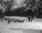Michael and Nancy Carrol Watson feed ducks at Fort Worth's Trinity Park after snowfall, 01/26/1948
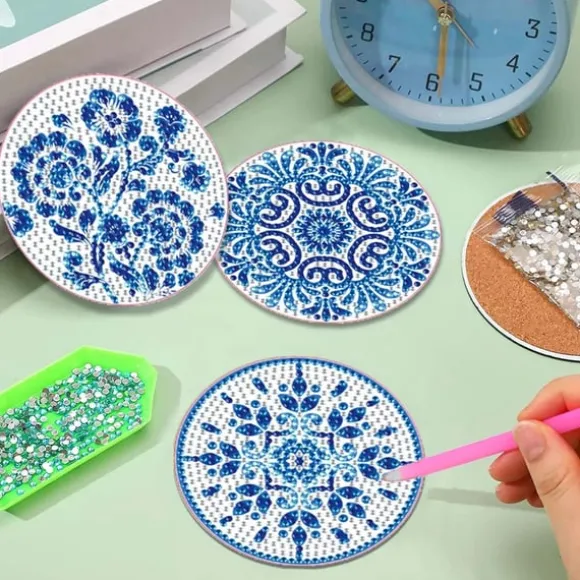 Komplett Set: Detta 8-delars set inkluderar glasunderlägg, färgade diamanter, en punktapplikator, en bricka och klisterlera, vilket gör det till ett komplett DIY-kit. Setet är kompatibelt med hemmabruk och festdekorationer, vilket ger både kreativt nöje och praktisk användning.
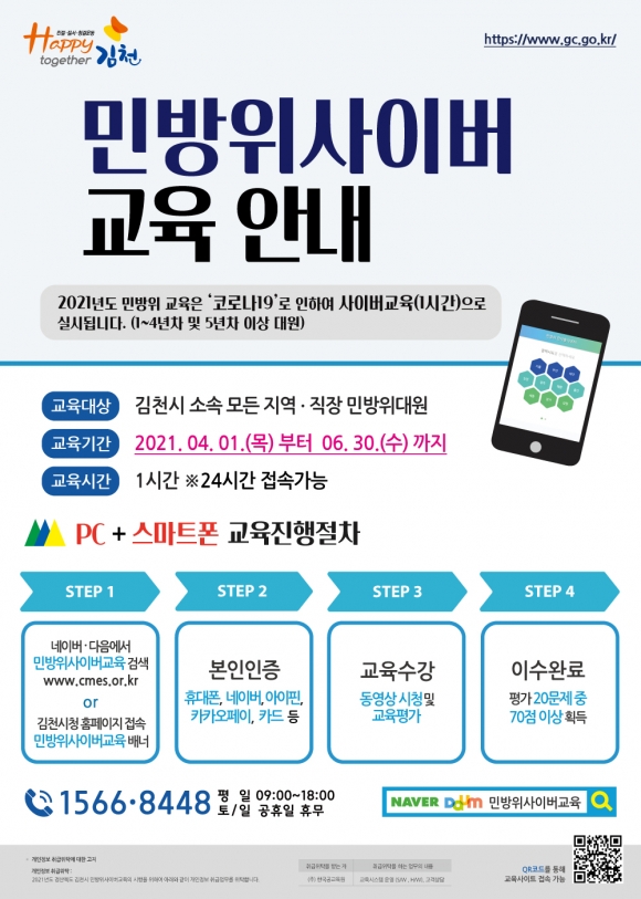 | 김천시(시장 김충섭)는 코로나19 감염 확산 방지를 위해 기존 5년차 이상에만 한정해서 실시하던 사이버 교육을 2021년도에는 1~4년차 대원까지 포함한 전 민방위 대원을 대상으로 확대 실시하고 있다. 즉, 1~4년차 민방위대원의 집합교육(4시간) 및 5년차 이상 민방위대원의 사이버교육 또는 비상소집훈련을 전부 사이버교육(1시간)으로 대체한 것이다.
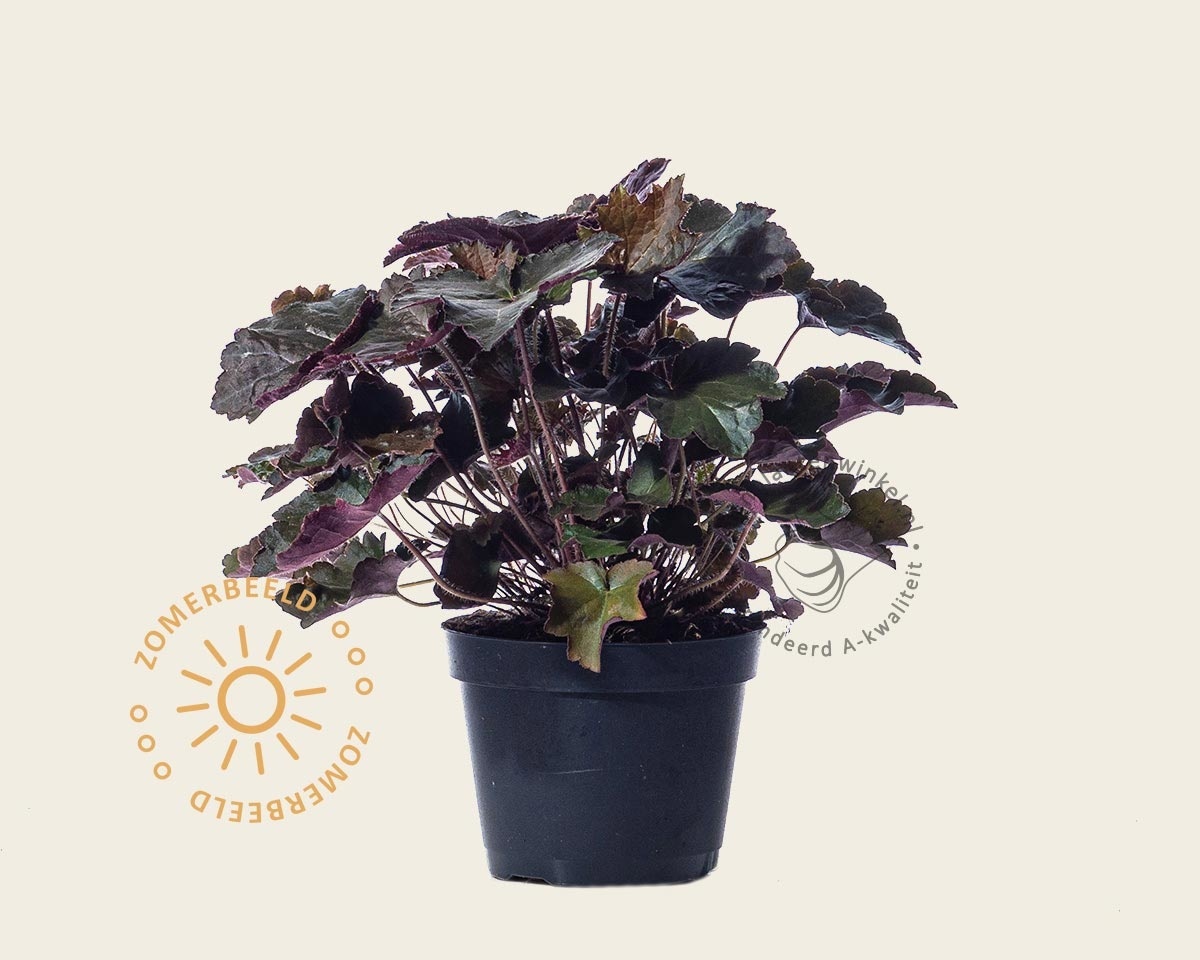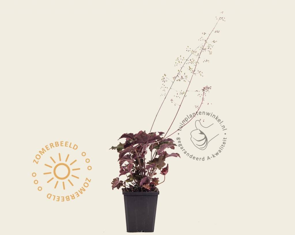 Heuchera micrantha 'Palace Purple' is een sterke, halfgroen blijvende mooie plant met opvallende rood/bruine bladeren, die in zachte winters aan de tuinplant blijven. De stelen van het blad groeien rechtstreeks uit de wortel van de vaste plant. Deze Heuchera micantha bloeit met kleine, witte bloemen, die met een groeivorm als een wolk afsteken tegen het donkere blad. Micrantha Palace Purple purperklokje is prima geschikt als bodembedekker. Oorspronkelijk komt Heuchera micrantha uit Noord-Amerika. Heuchera is genoemd naar professor Johan Heinrich von Heucher (1677-1747).
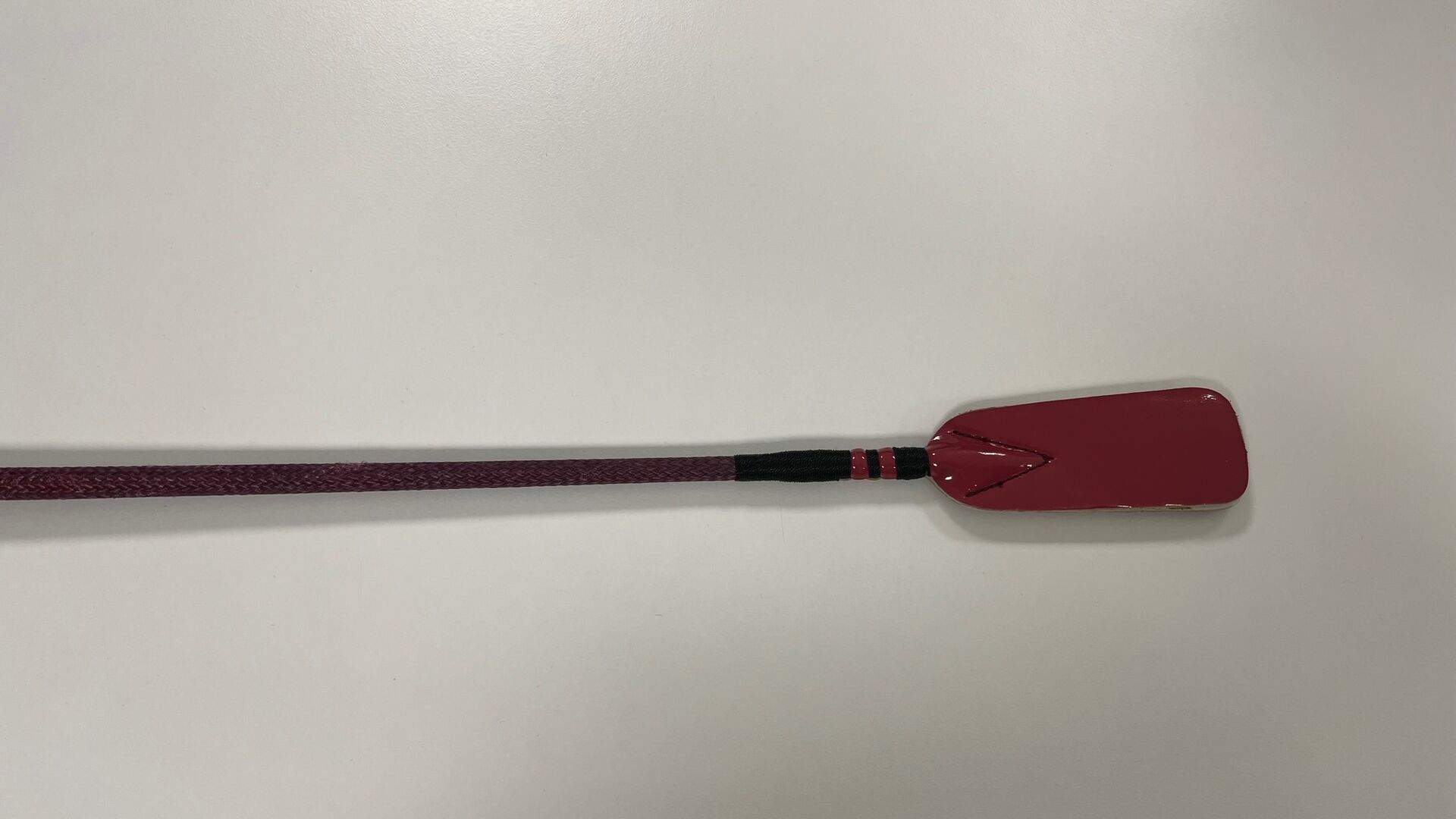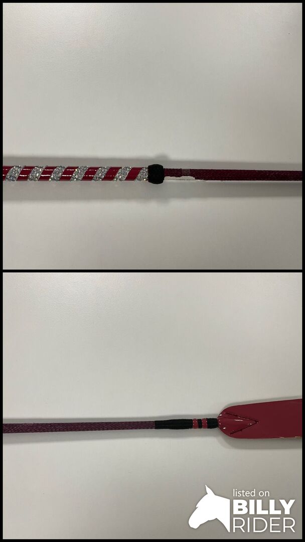 Hoppgrop 66 cm - Jumping crop röd/lila med smal flik och handtag med nitar röd/silverrandig
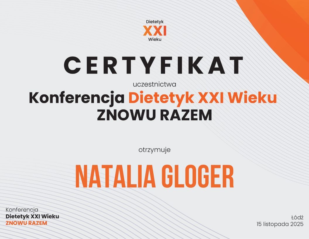Dzień dobry, nazywam się Natalia Gloger i jestem dietetykiem- z wykształcenia ale też z zamiłowania do zdrowego trybu życia. Moje zainteresowanie tematyką odżywiania jest efektem osobistych doświadczeń z nadwagą. Kilkanaście lat temu podjęłam wyzwanie zrzucenia zbędnych kilogramów a dzięki racjonalnemu postępowaniu i zmianie nawyków żywieniowych, efektami swojej pracy cieszę się po dziś dzień. Moją misją jest dzielenie się swoim doświadczeniem i wiedzą z Tobą i z każdym kto chce uzyskać pomoc i wsparcie w osiągnięciu wyznaczonego celu oraz trwałej zmianie nawyków żywieniowych i stylu życia. Do każdego pacjenta podchodzę indywidualnie, mając na uwadze jego stan zdrowia, preferencje czy rodzaj podejmowanej aktywności zawodowej i fizycznej. W układanych przeze mnie jadłospisach skupiam się przede wszystkim na tym, aby były one smaczne, ciekawe i zróżnicowane a jednocześnie łatwe i szybkie w przygotowaniu. Kieruję się przekonaniem, że zdrowa, racjonalna i odpowiednio zbilansowana dieta zapewnia nam poprawę stanu zdrowia, dobre samopoczucie oraz lepszą wydajność. Wszystko to z kolei prowadzi do polepszenia jakości naszego życia i ogólnego zadowolenia, a przyjemnym efektem ubocznym jest zgrabna i szczupła sylwetka :). Pragnę przekonać Cię do tego, że masz realny wpływ na stan własnego zdrowia i wygląd swojego ciała, a racjonalne odżywianie nie jest ani trudne ani kosztowne, a niesie za sobą ogromne korzyści dla całego organizmu. Jeżeli więc chcesz: - poprawić swój stan zdrowia i ograniczyć stosowanie farmakoterapii, - cieszyć się dobrym samopoczuciem na co dzień, - mieć siłę i energię do działania, być bardziej wydajnym, - zrzucić zbędne kilogramy i czuć się dobrze w swoim ciele, - nauczyć się planować posiłki i dokonywać mądrych wyborów, serdecznie zapraszam Cię na spotkanie ze mną. Omówimy wspólnie Twój dotychczasowy sposób odżywiania, stan zdrowia, ustalimy cel jaki chcesz osiągnąć. Poprowadzę Cię przez całą do niego drogę, będąc wsparciem na każdym etapie. W przypadku braku informacji o odwołaniu zaplanowanej wizyty do g.15 dnia poprzedniego, jest ona w pełni płatna.
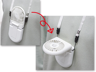 | 商品概要 | 暑い日の必需品として人気の小型扇風機。ネックストラップが付いているので首に掛けることができ、両手が空くのでアクティブなシーンにも便利です。スタント付きで、デスクに置いても使うことができます。白のボティが名入れを引き立てるので、カラー印刷でキャラクターなどを入れるのもおすすめです。 ■電源:USB ■付属品:充電ケーブル付(Type-C)、ストラップ |
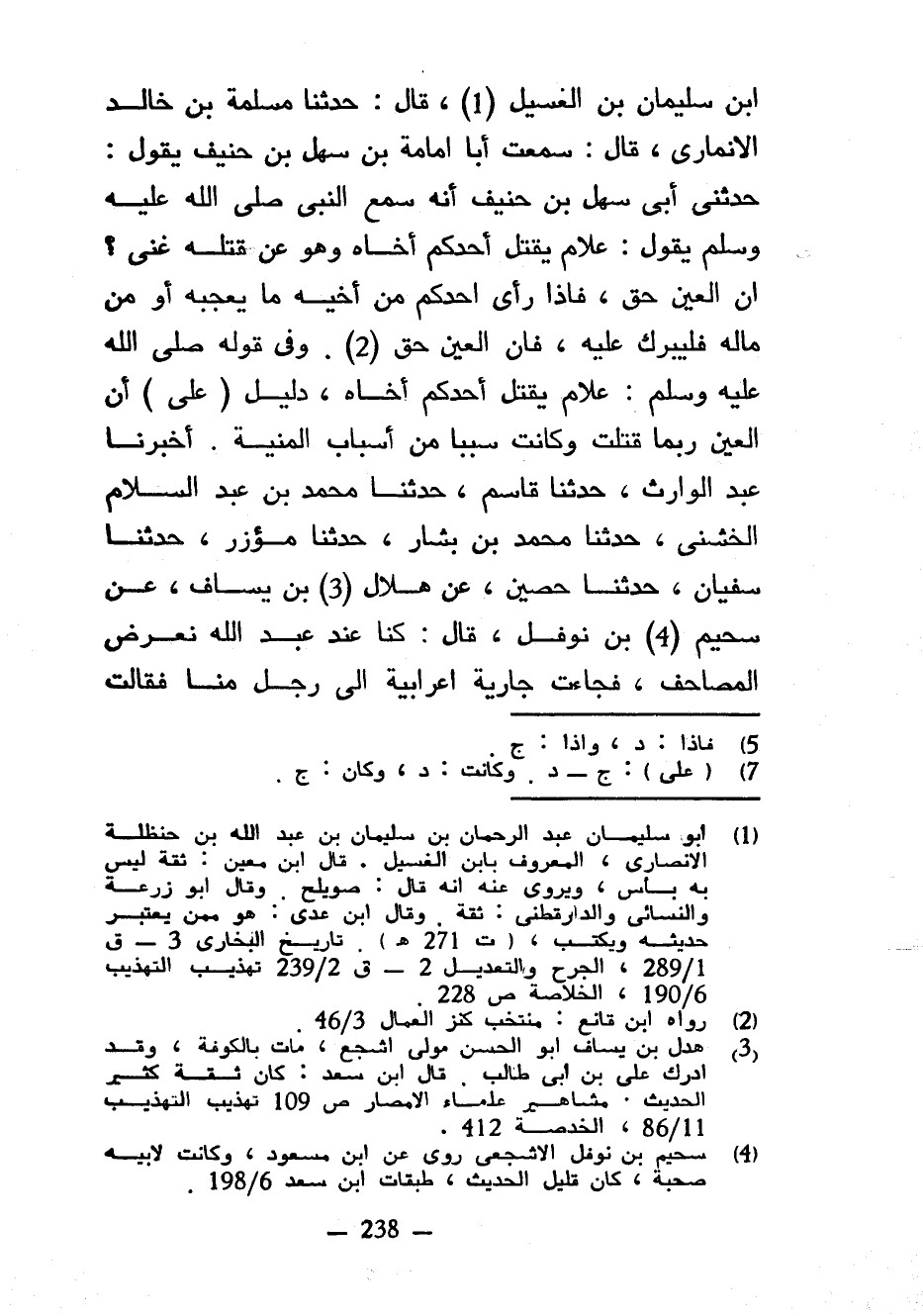 ابن سُلَيْمَانَ بْنِ الْغَسِيلِ قَالَ حَدَّثَنَا مَسْلَمَةُ بْنُ خَالِدٍ الْأَنْمَارِيُّ قَالَ سَمِعْتُ أَبَا أُمَامَةَ بْنَ سَهْلِ بْنِ حُنَيْفٍ يَقُولُ حَدَّثَنِي أَبِي سَهْلُ بْنُ حُنَيْفٍ أَنَّهُ سَمِعَ النَّبِيَّ صَلَّى اللَّهُ عَلَيْهِ وَسَلَّمَ يَقُولُ عَلَامَ يَقْتُلُ أَحَدُكُمْ أَخَاهُ وَهُوَ عَنْ قَتْلِهِ غَنِيٌّ إِنَّ الْعَيْنَ حَقٌّ فَإِذَا رَأَى أَحَدُكُمْ مِنْ أَخِيهِ مَا يُعْجِبُهُ أَوْ مِنْ مَالِهِ فَلْيُبَرِّكْ عَلَيْهِ فَإِنَّ الْعَيْنَ حَقٌّ وَفِي قَوْلِهِ صَلَّى اللَّهُ عَلَيْهِ وَسَلَّمَ عَلَامَ يَقْتُلُ أَحَدُكُمْ أَخَاهُ دَلِيلٌ (عَلَى) أَنَّ الْعَيْنَ رُبَّمَا قَتَلَتْ وَكَانَتْ سَبَبًا مِنْ أَسْبَابِ الْمَنِيَّةِ أَخْبَرَنَا عَبْدُ الْوَارِثِ حَدَّثَنَا قَاسِمٌ حَدَّثَنَا مُحَمَّدُ بْنُ عَبْدِ السَّلَامِ الْخُشَنِيُّ حَدَّثَنَا مُحَمَّدُ بْنُ بَشَّارٍ حَدَّثَنَا مُؤَزَّرٌ حَدَّثَنَا سُفْيَانُ حَدَّثَنَا حُصَيْنٌ عَنْ هِلَالِ بْنِ يَسَافٍ عَنْ سُحَيْمِ بن نوفل قال كنا عن عَبْدِ اللَّهِ نَعْرِضُ الْمَصَاحِفَ فَجَاءَتْ جَارِيَةٌ أَعْرَابِيَّةٌ إِلَى رَجُلٍ مِنَّا فَقَالَتْ
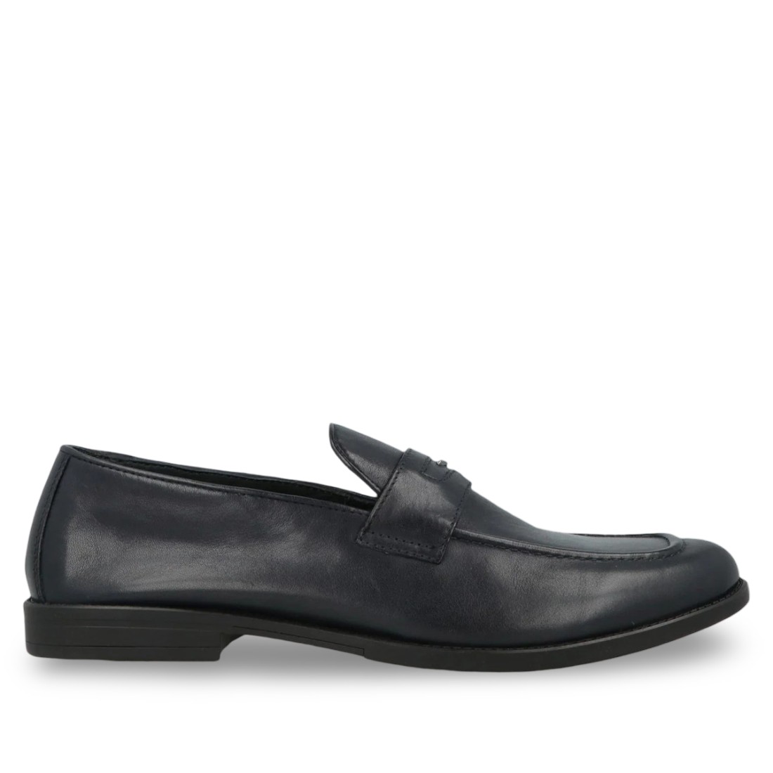 GUARDIANI - Elio Moc loafer en cuir bleu marine, élégant et polyvalent. Il est doté d'une bride en cuir avec des clous à logo sur le dessus et d'une semelle en caoutchouc pour le confort et la durabilité. Parfait pour un style raffiné en toute occasion, il allie design contemporain et qualité de fabrication.
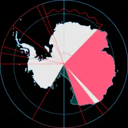 Antarctic territorial claims of Australia (in pink) and New Zealand (in turquoise). These claims have been maintained since 1933 and 1924 respectively and are mutually recognised as to sovereignty.[6]
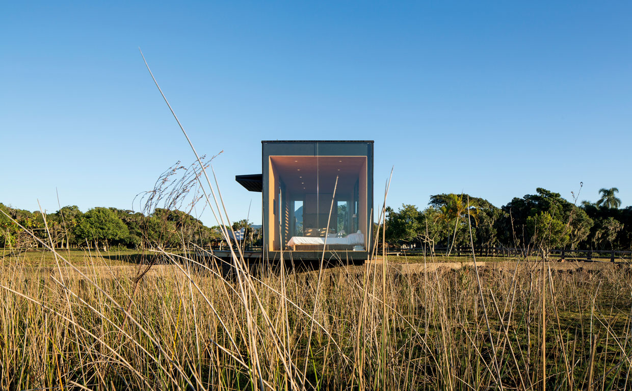 Todo arranca con un módulo mínimo, a partir del cual podemos agregar diferentes piezas prefabricadas con estructura de acero y acabados a elección, casi como piezas de un rompecabezas. Dependiendo de la composición de los módulos encontramos diferentes posibilidades, que van desde una cabaña de fin de semana compacta hasta estructuras tan elaboradas como un hotel.
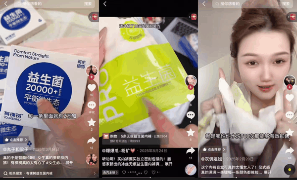 这些密集出现在社交媒体上的话术,宣传的都是同一类型产品——益生菌内裤。
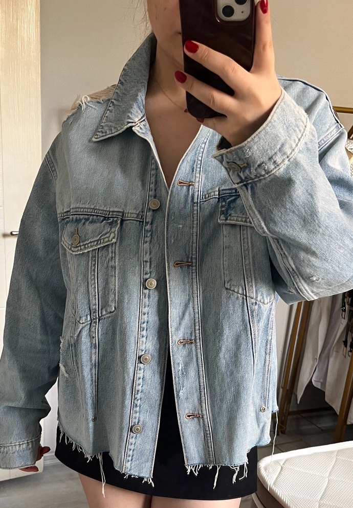 Düğmeli Mavi Denim Ceket
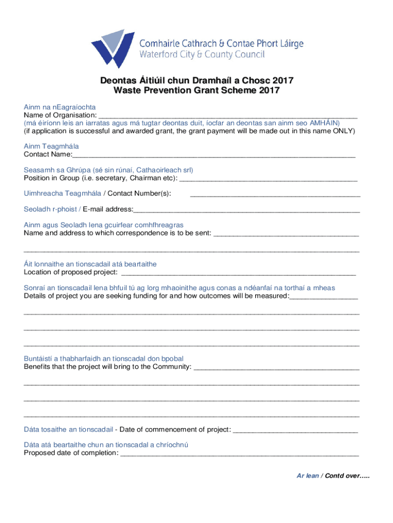 Get the free Waste Prevention Grant Scheme 2017 - Form
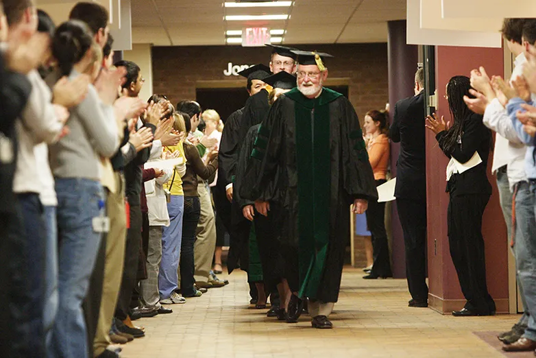 A cardiologist, Dr. Propert joined the EVMS faculty in 1981 as Associate Dean for Medical Affairs. In 1992 he moved to the VA Medical Center in Hampton as Chief of the Medical Service, while continuing to teach at EVMS. He retired from the practice of medicine in 2004, but continued to teach until 2014. (Pictured above, Dr. Propert leads an academic procession as one of the faculty marshals.)
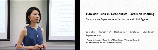 Subsequently, Professor Pang Xun systematically introduced a recent study led by her interdisciplinary team. The study used a randomized controlled experiment designed to identify the “hawkish bias” in foreign policy decision-making as a benchmark. It constructed 3,973 large language model (LLM)-based agents using demographic variables of human subjects from the experiment, replicating individual and group decision-making scenarios from the original experiment through single-agent decisions and multi-agent systems. The study observed whether the agents replicated, amplified, mitigated, or complicated three types of hawkish biases observed in human decision-makers: “loss framing effects,” “intent bias,” and “reactive devaluation.” The findings revealed that, like human decision-makers, LLM agents exhibit heuristic biases in information-scarce and unstructured decision-making contexts. However, the patterns of these biases differ significantly from human cognitive biases in both mechanisms and manifestations, making them difficult for humans to understand and predict. Professor Pang Xun further analyzed that while human biases often stem from psychological shortcuts and emotional impulses, LLM agents' biases are more likely to arise from embedded stereotypes and oversensitivity to linguistic cues in experimental designs. The study suggests that the current application of AI in political decision-making carries significant risks, potentially complicating geopolitics and increasing uncertainty.

ASSIGNMENT: Begin at the first line of the entries and stop after the line holding "Komplett Set: Detta"; repeat those lines exactly, but not the pictures.

EXERCISE OUTPUT:
Michael and Nancy Carrol Watson feed ducks at Fort Worth's Trinity Park after snowfall, 01/26/1948
 Komplett Set: Detta 8-delars set inkluderar glasunderlägg, färgade diamanter, en punktapplikator, en bricka och klisterlera, vilket gör det till ett komplett DIY-kit. Setet är kompatibelt med hemmabruk och festdekorationer, vilket ger både kreativt nöje och praktisk användning.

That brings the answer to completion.